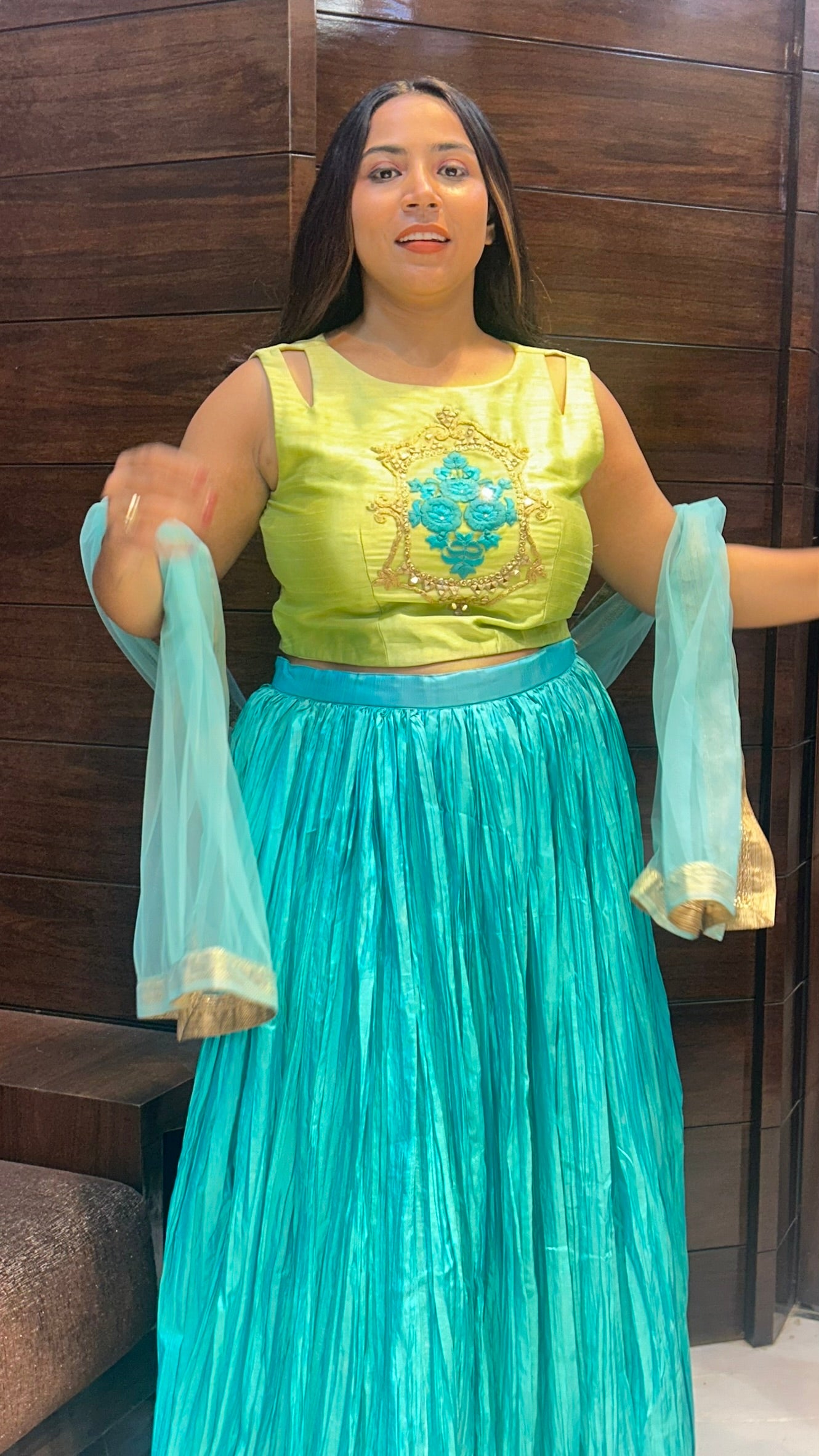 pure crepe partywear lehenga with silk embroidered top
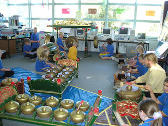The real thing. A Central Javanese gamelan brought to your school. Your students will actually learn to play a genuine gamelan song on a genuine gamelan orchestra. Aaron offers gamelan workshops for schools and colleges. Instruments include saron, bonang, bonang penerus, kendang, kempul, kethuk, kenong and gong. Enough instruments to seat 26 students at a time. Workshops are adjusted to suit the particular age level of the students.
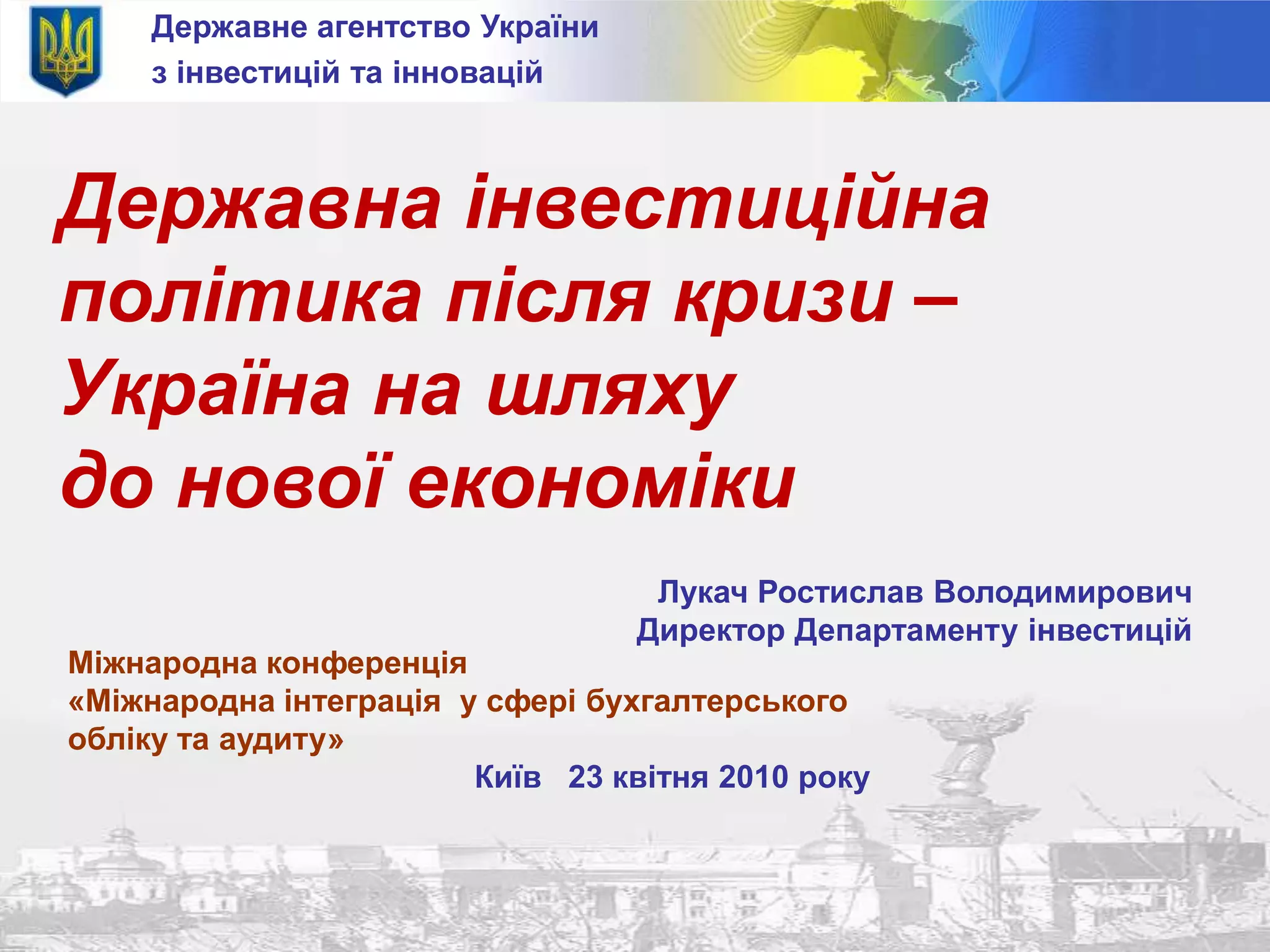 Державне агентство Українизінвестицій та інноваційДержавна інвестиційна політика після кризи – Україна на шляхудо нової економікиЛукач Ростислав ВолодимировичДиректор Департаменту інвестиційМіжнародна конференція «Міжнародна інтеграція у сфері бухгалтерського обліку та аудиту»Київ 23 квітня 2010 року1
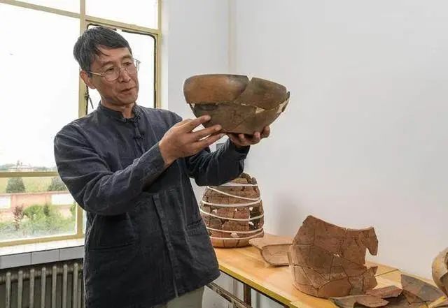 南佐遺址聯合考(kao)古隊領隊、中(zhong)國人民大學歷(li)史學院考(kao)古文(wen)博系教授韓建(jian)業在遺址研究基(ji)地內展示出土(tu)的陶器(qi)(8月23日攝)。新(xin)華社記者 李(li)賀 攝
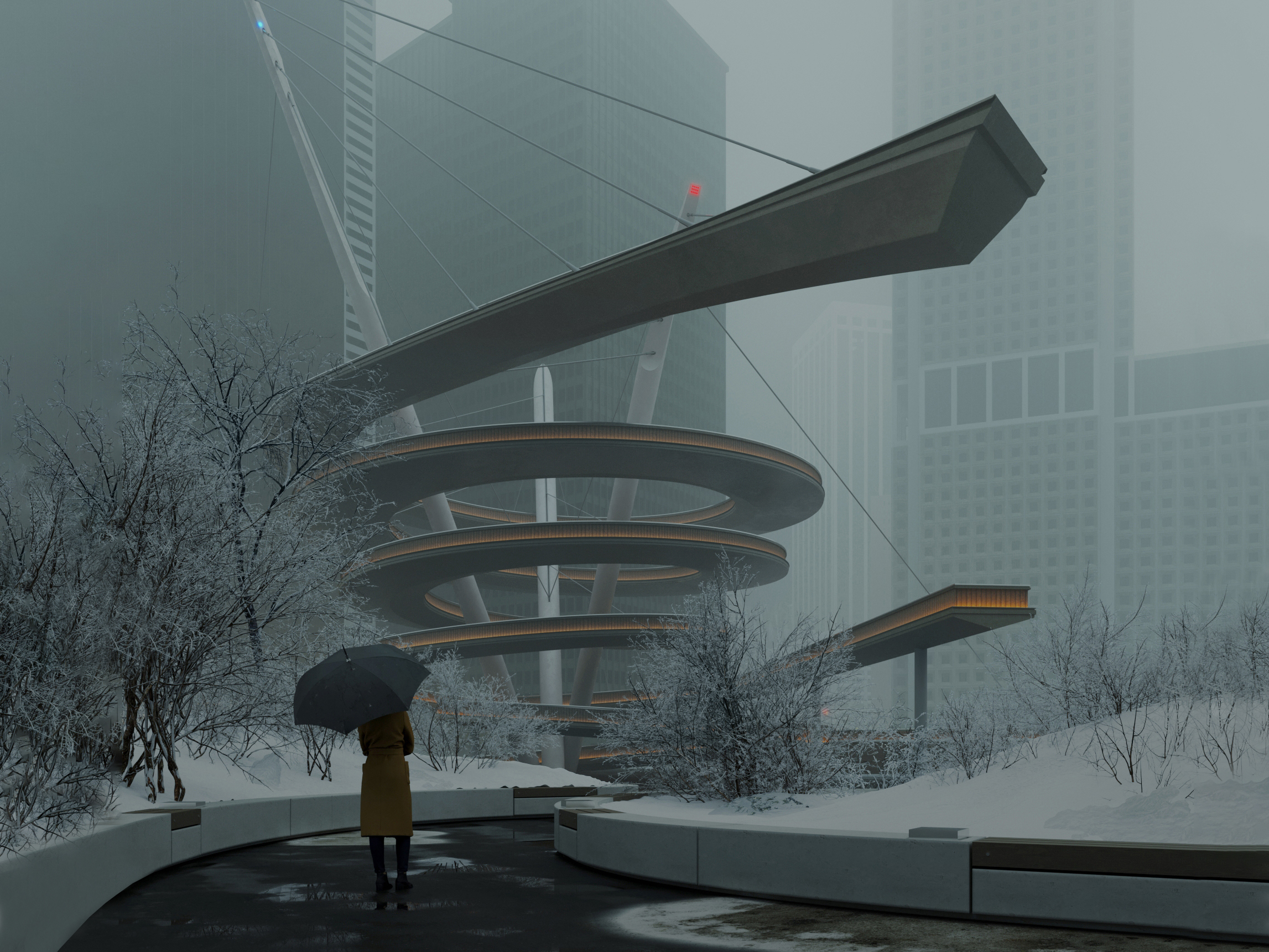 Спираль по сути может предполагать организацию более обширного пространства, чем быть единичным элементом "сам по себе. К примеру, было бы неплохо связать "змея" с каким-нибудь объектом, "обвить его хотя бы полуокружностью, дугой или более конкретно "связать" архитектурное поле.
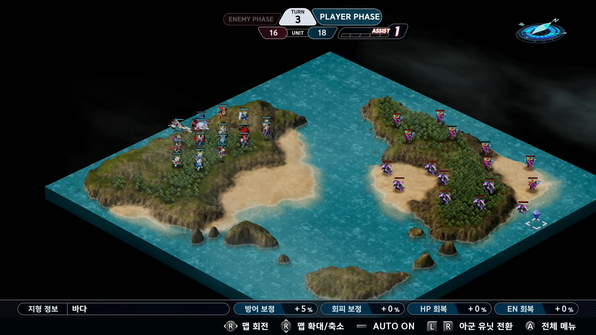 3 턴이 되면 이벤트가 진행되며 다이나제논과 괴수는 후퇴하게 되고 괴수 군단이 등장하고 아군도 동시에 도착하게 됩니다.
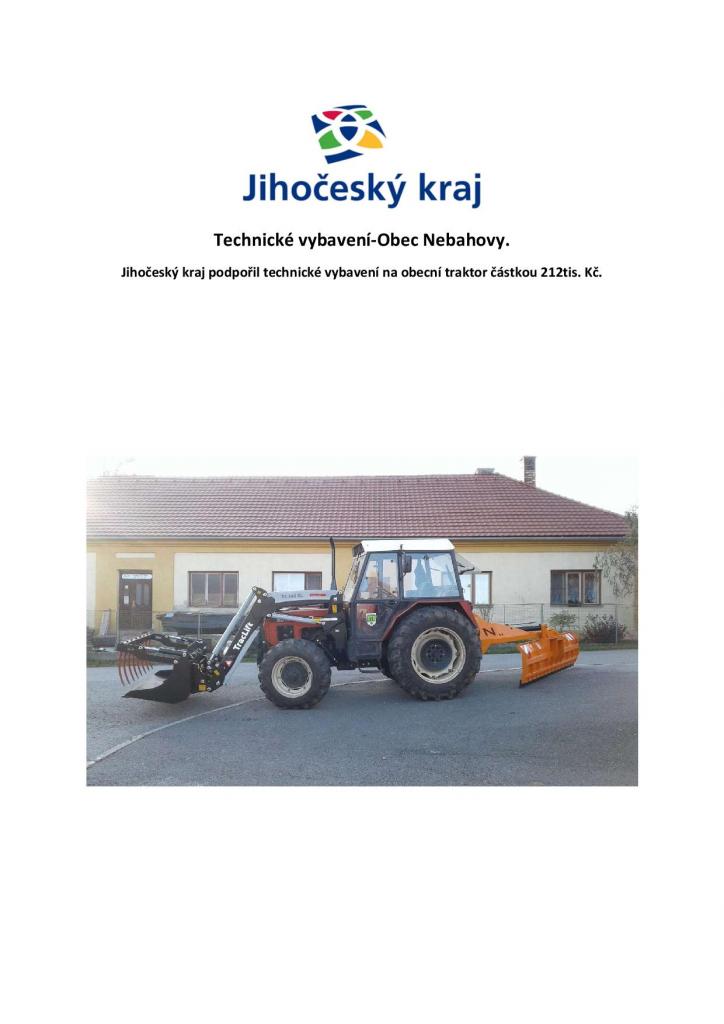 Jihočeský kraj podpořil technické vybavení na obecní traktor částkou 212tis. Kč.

◆ ◆ ◆ ◆ ◆

GOAL OF THE EXERCISE -
From the line with "3 턴이 되면 이벤트가" down to the last line of the records above, restate each line verbatim, passing over any picture.

SOLUTION TO THIS PROBLEM -
 3 턴이 되면 이벤트가 진행되며 다이나제논과 괴수는 후퇴하게 되고 괴수 군단이 등장하고 아군도 동시에 도착하게 됩니다.
 Jihočeský kraj podpořil technické vybavení na obecní traktor částkou 212tis. Kč.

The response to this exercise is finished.